Recorded data:
◆ ◆ ◆ ◆ ◆ ◆ ◆
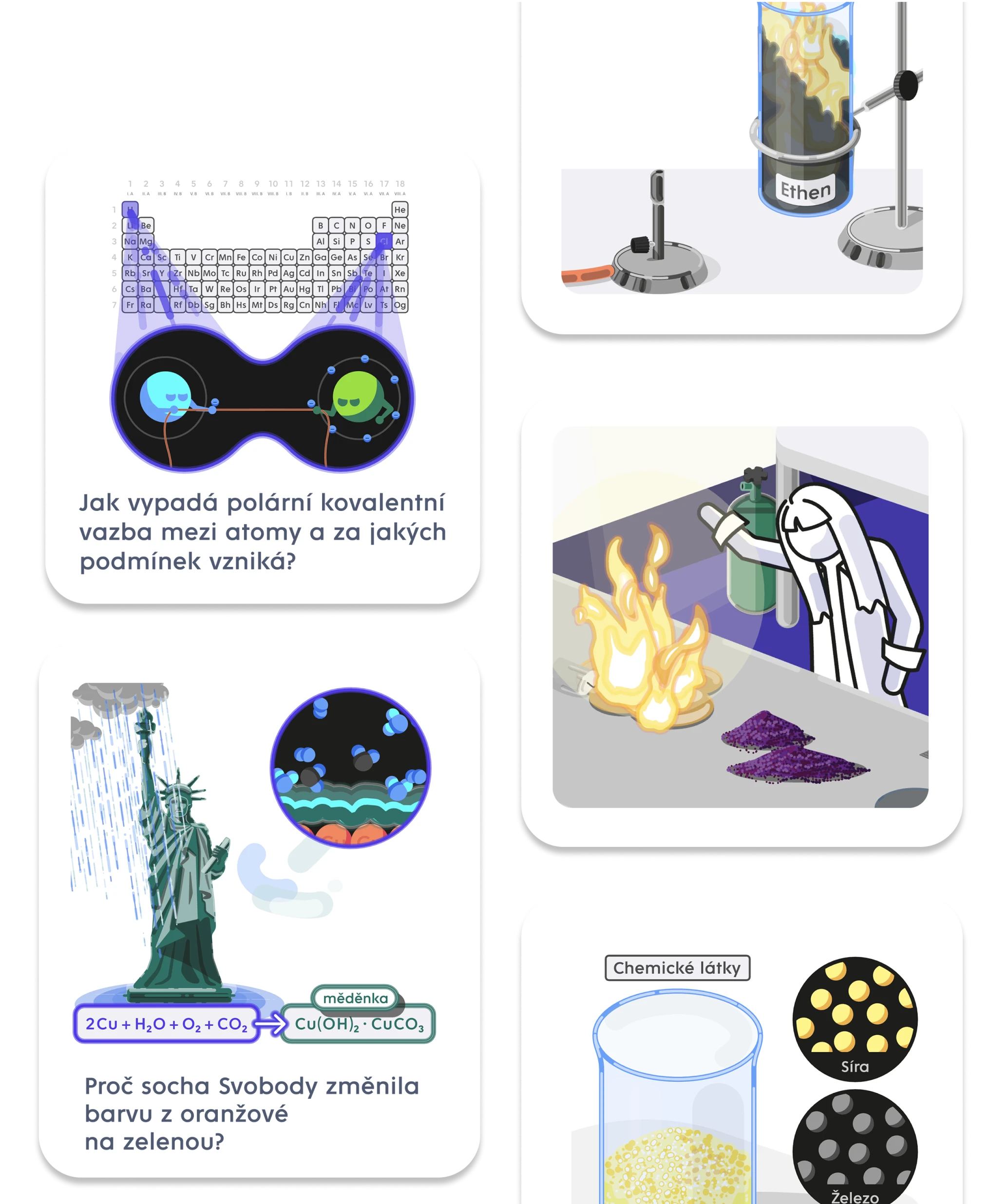Věříme, že výuka (nejen) chemie by neměla probíhat pouhým předáváním informací od vyučujícího směrem k žákům. Učebnici Vividbooks Chemie jsme proto navrhli tak, aby inspirovala žáky k aktivitě. Děti budou přemýšlet, řešit problémy a hledat vlastní odpovědi a argumenty. Více o metodických principech.
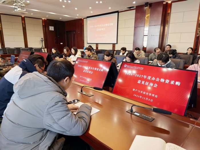 为提升采购资金使用效益,更好地服务保障教学、科研与行政工作,12月8日下午,学校资产与实验室管理处组织召开2026—2027年度办公物资采购意见征询会。会议邀请十余名二级学院及相关部门教职工代表参加,共同围绕办公物资需求计划的科学化、精细化建言献策。
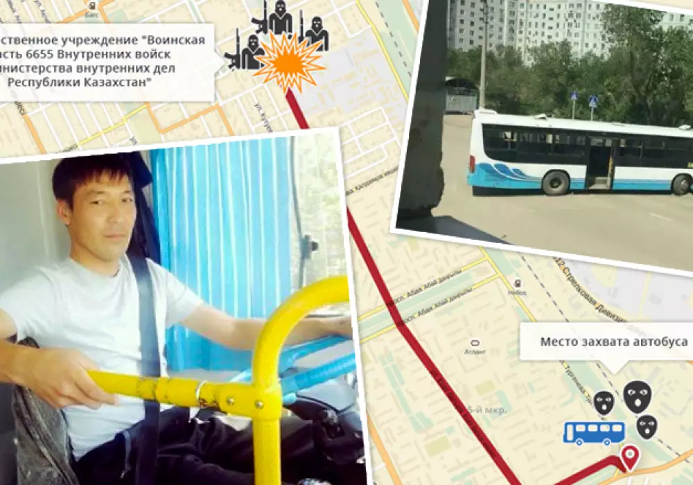 Напомним, 5 июня на автобус № 1 было совершено нападение террористов, в тот момент, когда общественный транспорт, изменив траекторию движения маршрута, двигался по "Малой Алие" (так называется район около оружейного магазина "Паллада" - прим.), где в тот день были расстреляны продавец, охранник, покупатель и случайный прохожий - 68-летний пенсионер. Сам Мурат Есекенов изменил маршрут, по его словам, из-за того, что пытался объехать затор, к тому же был неисправен двигатель автобуса, и Мурат спешил на ремонт.
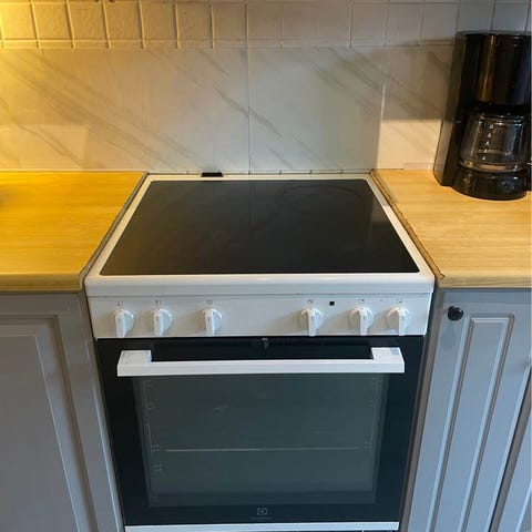 Helt grei og vanlig komfyr selges rimelig, den virker uten problem, har ikke alle de hundre forskjellige funksjoner, men er helt vanlig og fungerer utmerket til vanlig bruk.
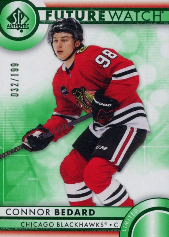 The Connor Bedard 2023 SP Authentic #110 Future Watch - Limited Green /199 Rookie card in Raw condition has not changed in price in the last 30 days and was last sold for $52.03 .
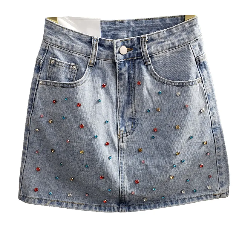 Женская джинсовая юбка с завышенной талией, трапециевидная юбка трапециевидной формы с цветными бриллиантами, лето 2022
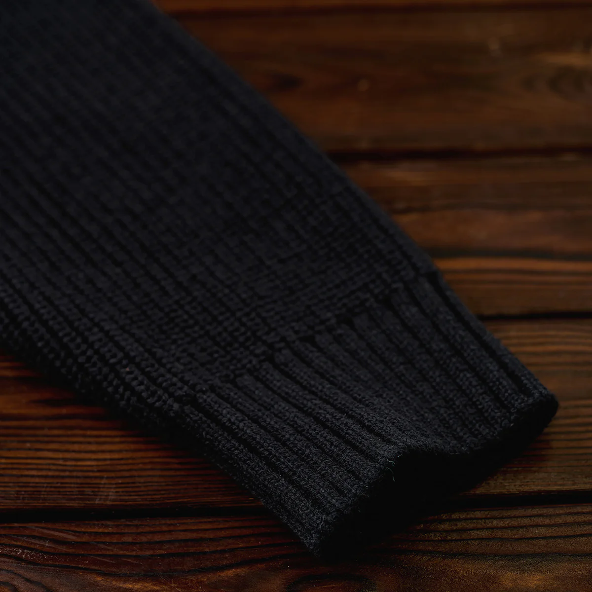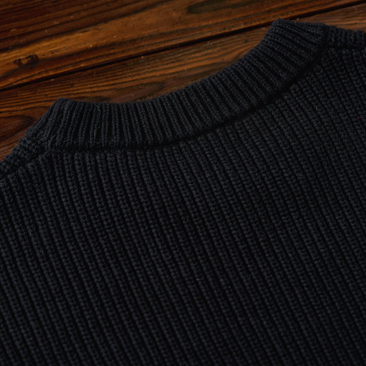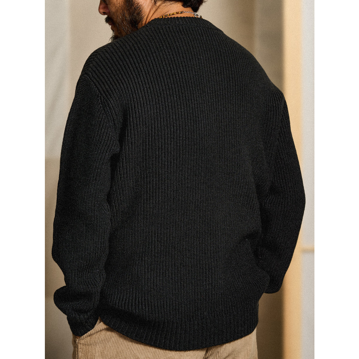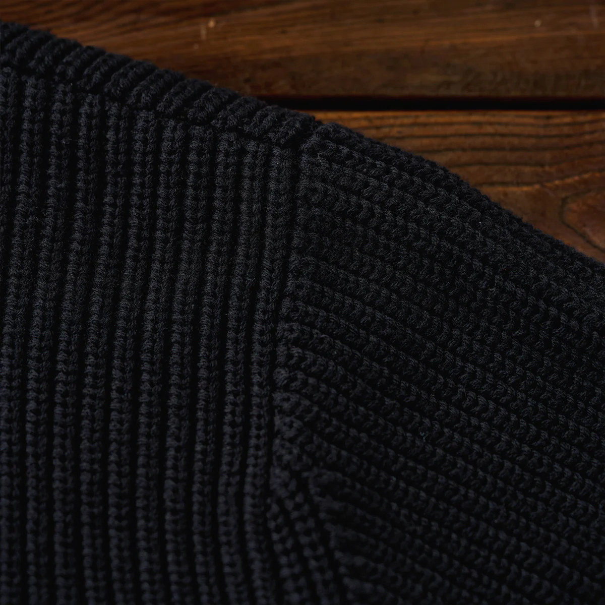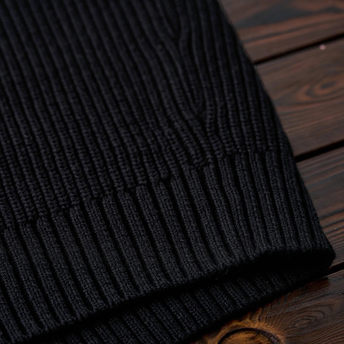 • 「Karaku」ロゴ刺繡入り オールブラックリブ編みニットセーター
◆ ◆ ◆ ◆ ◆ ◆ ◆
Problem to work on:
Give the data again exactly, image-free.

Result:
Věříme, že výuka (nejen) chemie by neměla probíhat pouhým předáváním informací od vyučujícího směrem k žákům. Učebnici Vividbooks Chemie jsme proto navrhli tak, aby inspirovala žáky k aktivitě. Děti budou přemýšlet, řešit problémy a hledat vlastní odpovědi a argumenty. Více o metodických principech.
 为提升采购资金使用效益,更好地服务保障教学、科研与行政工作,12月8日下午,学校资产与实验室管理处组织召开2026—2027年度办公物资采购意见征询会。会议邀请十余名二级学院及相关部门教职工代表参加,共同围绕办公物资需求计划的科学化、精细化建言献策。
 Напомним, 5 июня на автобус № 1 было совершено нападение террористов, в тот момент, когда общественный транспорт, изменив траекторию движения маршрута, двигался по "Малой Алие" (так называется район около оружейного магазина "Паллада" - прим.), где в тот день были расстреляны продавец, охранник, покупатель и случайный прохожий - 68-летний пенсионер. Сам Мурат Есекенов изменил маршрут, по его словам, из-за того, что пытался объехать затор, к тому же был неисправен двигатель автобуса, и Мурат спешил на ремонт.
 Helt grei og vanlig komfyr selges rimelig, den virker uten problem, har ikke alle de hundre forskjellige funksjoner, men er helt vanlig og fungerer utmerket til vanlig bruk.
 The Connor Bedard 2023 SP Authentic #110 Future Watch - Limited Green /199 Rookie card in Raw condition has not changed in price in the last 30 days and was last sold for $52.03 .
 Женская джинсовая юбка с завышенной талией, трапециевидная юбка трапециевидной формы с цветными бриллиантами, лето 2022
 • 「Karaku」ロゴ刺繡入り オールブラックリブ編みニットセーター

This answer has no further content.